Extracted data:

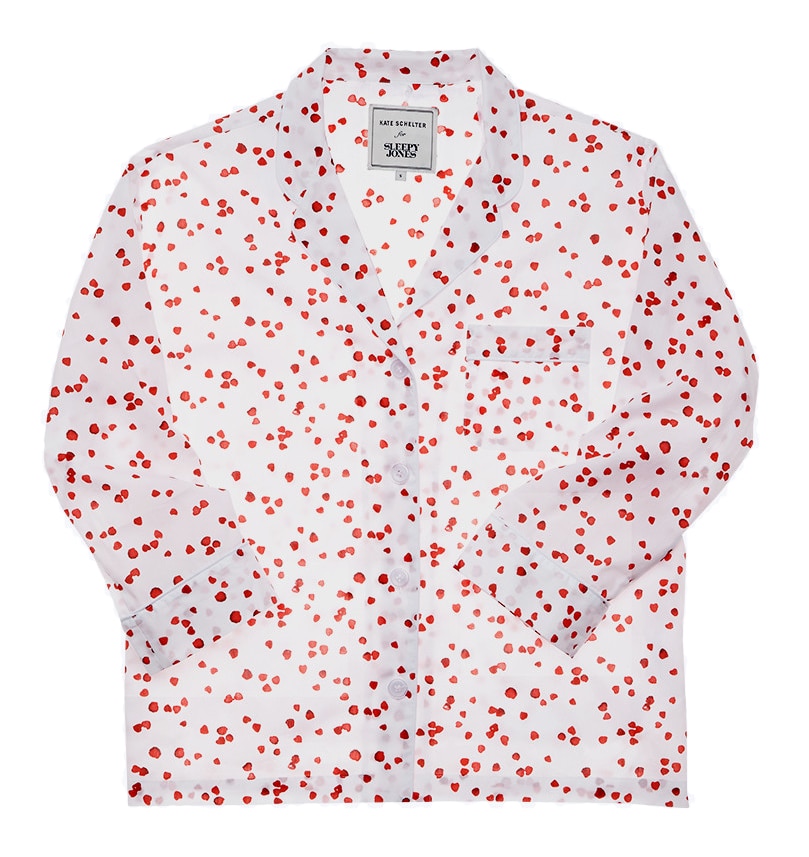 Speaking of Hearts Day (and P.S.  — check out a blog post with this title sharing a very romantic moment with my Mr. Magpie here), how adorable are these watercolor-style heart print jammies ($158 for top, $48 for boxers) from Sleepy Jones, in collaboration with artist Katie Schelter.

---

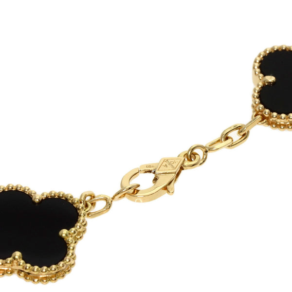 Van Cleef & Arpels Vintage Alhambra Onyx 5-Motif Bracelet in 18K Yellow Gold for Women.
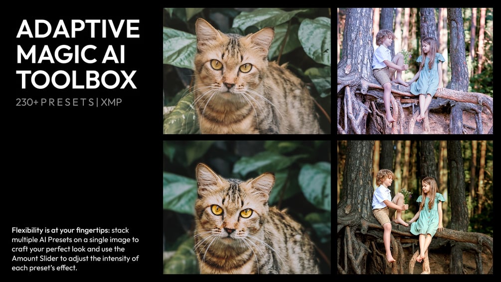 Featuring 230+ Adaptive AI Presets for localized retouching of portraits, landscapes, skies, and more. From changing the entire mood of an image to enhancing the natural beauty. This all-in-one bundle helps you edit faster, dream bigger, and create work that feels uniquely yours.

What the task requires: Leaving out the pictures, please output the lines in the entries above from the one with "Van Cleef &" through the one with "Featuring 230+ Adaptive", exactly as they are.

Output of the exercise:
 Van Cleef & Arpels Vintage Alhambra Onyx 5-Motif Bracelet in 18K Yellow Gold for Women.
 Featuring 230+ Adaptive AI Presets for localized retouching of portraits, landscapes, skies, and more. From changing the entire mood of an image to enhancing the natural beauty. This all-in-one bundle helps you edit faster, dream bigger, and create work that feels uniquely yours.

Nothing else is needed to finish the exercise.